Cumhurbaşkanı Recep Tayyip Erdoğan, 'Birleşmiş Milletler (BM) Geleceğin Zirvesi Küresel Çağrı' çevrim içi etkinliğine gönderdiği video mesajda, "İsrail’in işgal politikaları karşısında başta BM olmak üzere uluslararası toplumun sesinin daha gür çıkması şart. Çocukların bombaların altında can verdiği bir dünyada açık söylüyorum; hiçbirimiz kendimizi güvende hissedemeyiz" dedi.
"İSRAİL'E KARŞI ULUSLARARASI TOPLUMUN SESİNİN DAHA GÜR ÇIKMASI ŞART"
Cumhurbaşkanı Erdoğan, 'BM Geleceğin Zirvesi Küresel Çağrı' çevrim içi etkinliğine video mesaj gönderdi.

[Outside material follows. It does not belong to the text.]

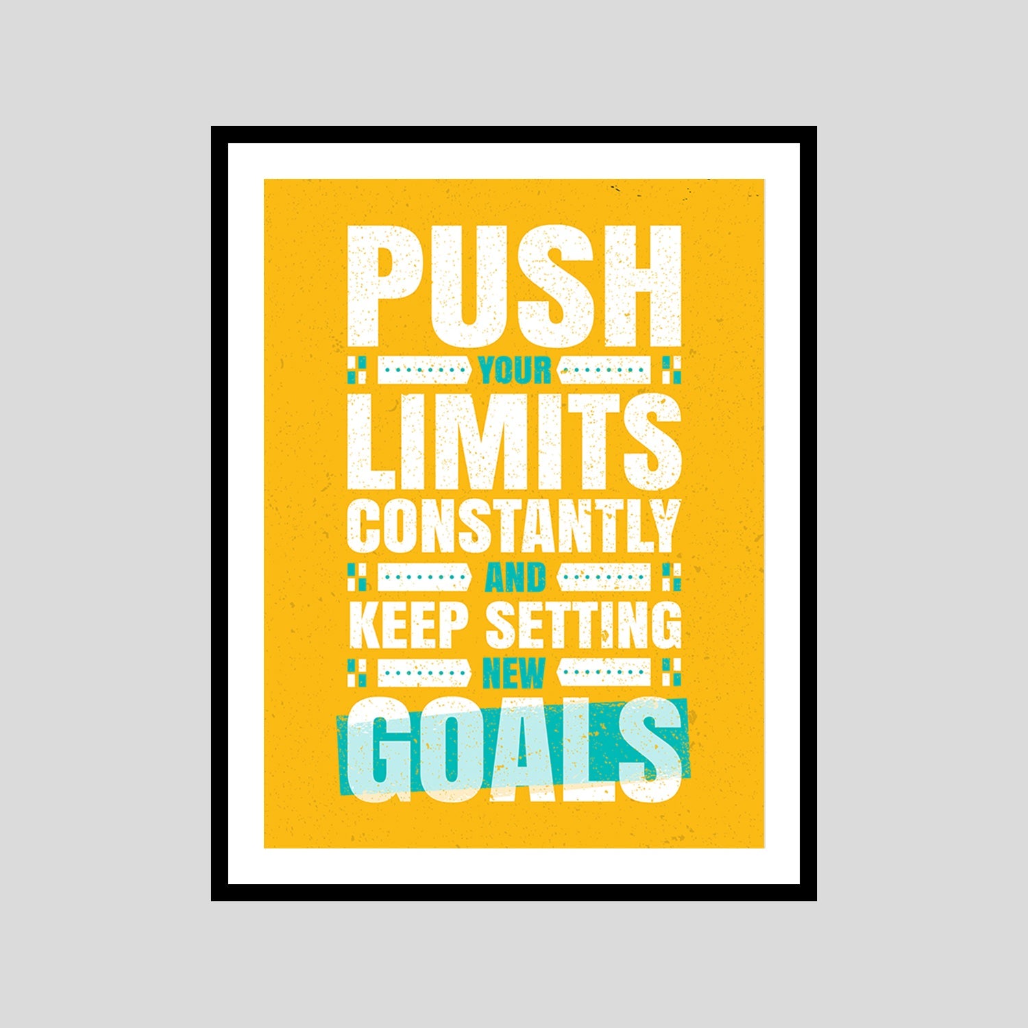 Push Your Limits Constantly And Keep Setting New Goals Motivational Posters Wall Frames for Students, Business, Employees, Startup
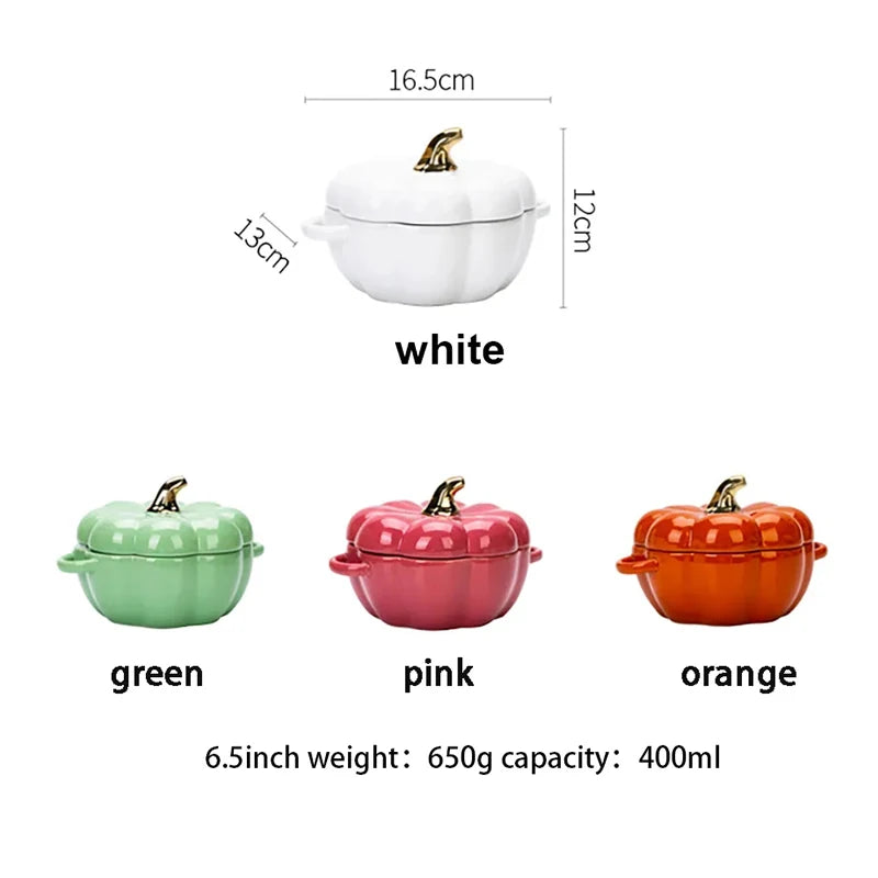 Keramická miska ve tvaru dýně v oranžové, zelené nebo bílé barvě.

Erdoğan mesajında, "İnsanlığın istikbalini etkileyen tehditler karşısında uluslararası dayanışmaya güçlendirmeyi, barışçıl, güvenli ve adil bir sistemin inşasına giden yolu açmayı amaçlayan geleceğin zirvesine sayılı günler kaldı. Bu zirveyi dünyamızı kasıp kavuran çatışmaların, zulmün, açlığın, yoksulluğun ortasında açılan nadir bir fırsat penceresi olarak görüyorum. Zirveye iştirak edecek tüm mevkidaşlarıma, Sayın Guterres’in bizlere sunduğu bu imkanı layıkıyla değerlendirme çağrısında bulunuyorum. Güvenli ve müreffeh bir gelecek inşa edebilmek için öncelikle barışa ihtiyacımız var. Terörizm, İslam ve yabancı düşmanlığı, düzensiz göç, iklim değişikliği gibi meydan okumalar yaşanan jeopolitik sarsıntıların şiddetini artırıyor" dedi.
'IRKÇILIĞA KARŞI DEMOKRASİMİZİ KORUMAK ZORUNDAYIZ'
Erdoğan, bunun en acı örneğini 11 aydır Gazze başta olmak üzere işgal edilmiş Filistin topraklarında gördüklerini söyleyerek, "17 bini çocuk, 41 binden fazla insanın hayatını kaybettiği, 100 binin üzerinde yaralının olduğu, Gazze’nin neredeyse tamamının yerle bir edildiği tabloyla karşı karşıyayız. İsrail’in işgal politikaları karşısında başta BM olmak üzere uluslararası toplumun sesinin daha gür çıkması şart. Çocukların bombaların altında can verdiği bir dünyada açık söylüyorum; hiçbirimiz kendimizi güvende hissedemeyiz. Türkiye olarak zulmün karşısında ve mazlumun yanında durmaya devam edecek, bu insani duruşumuzdan da geri adım atmayacağız. Yalnızca belirli bir refah düzeyini yakalamış ülkelerin değil kalkınma çabalarını sürdüren toplumların da hakkaniyetle temsil edildiği bir küresel yönetişim mimarisini temin etmeliyiz. Daha iyi bir gelecek için yeşil dönüşümü odağına alan, iklime dirençli, sürdürebilir kalkınmayı destekleyen, kimsenin geride bırakılmadığı bir düzene geçiş yapmalıyız. Toplumlarımızı zehirleyen her türlü nefret söylemine, ırkçılığa ve aşırı sağ akımlara karşı demokrasilerimizi korumak zorundayız. Tüm bu hedefleri gerçekleştirmek için ihtiyacımız olan çok taraflı sistemi 'dünyanın 5’ten büyük olduğu' şiarını merkeze alarak, adalet ve hakkaniyet ekseninde yeniden şekillendirmektir. Dünya liderlerini, geleceğin zirvesinde bu amaçlar doğrultusunda el ele vermeye davet ediyorum" ifadelerine yer verdi.